= Delhi Statement =

1929 statement by Gandhi

The Delhi Statement was issued by Gandhi on 2 November 1929. It was issued when Simon Commission was touring India.

The Congress was passing through a phase of political inactivity. The Swarajists had joined the Legislative Council but did not achieve much. Gandhi was engaged in village upliftment programme. During the Madras Session in December 1927, young leaders like Jawahar Lal Nehru had proposed the resolution for complete independence which was however defeated and the action of Jawahar Lal was not appreciated by Gandhi. With such a background, Simon Commission was receiving strong protest from nationalist supporters. Irwin persuaded the Congress leadership to come to the Round Table Conference which Simon Commission was expected to propose after going back to London. Irwin, the Viceroy of India, had watched with great concern the unanimity of Indians in opposing the Simon Commission. There was opposition in London also against giving concessions to the Indians and it was debated in the Parliament. With this background, Gandhi issued the statement. It was, in a way, an attempt to find a middle path. In the statement, it was suggested, that in the coming Round Table Conference, the features of Dominion Status to India would be discussed, that there would be majority of Congress delegates in the Conference and there would be issues of general amnesty and conciliation. In this way, there were four main demands for the Commission.

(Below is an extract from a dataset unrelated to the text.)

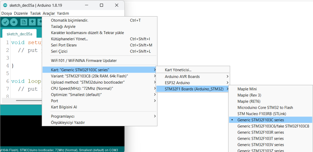 Araçlar>Kart>STM32F1 Boards>Generic STM32F103C Series veya sizinki neyse onu seçin:

Gandhi met Irwin on 23 November 1929 where Irwin, the Viceroy, rejected the offer given in Delhi Statement. In the meantime, Lala Lajpat Rai died because of Lathi Charge on 17 November 1928. Later, when Gandhi signed the Gandhi Irwin pact, all the four demands were avoided at that time. Under the pact, Gandhi had accepted to participate in the second Round Table Conference after holding back the Civil Disobedience Movement. It was read as a compromise by the supporters of Nationalist and especially by the Indian Capitalists who had started showing sign of fatigue during the Civil Disobedience Movement. It is considered as the cause of later withdrawal of Civil Disobedience Movement, which was finally withdrawn in April 1934.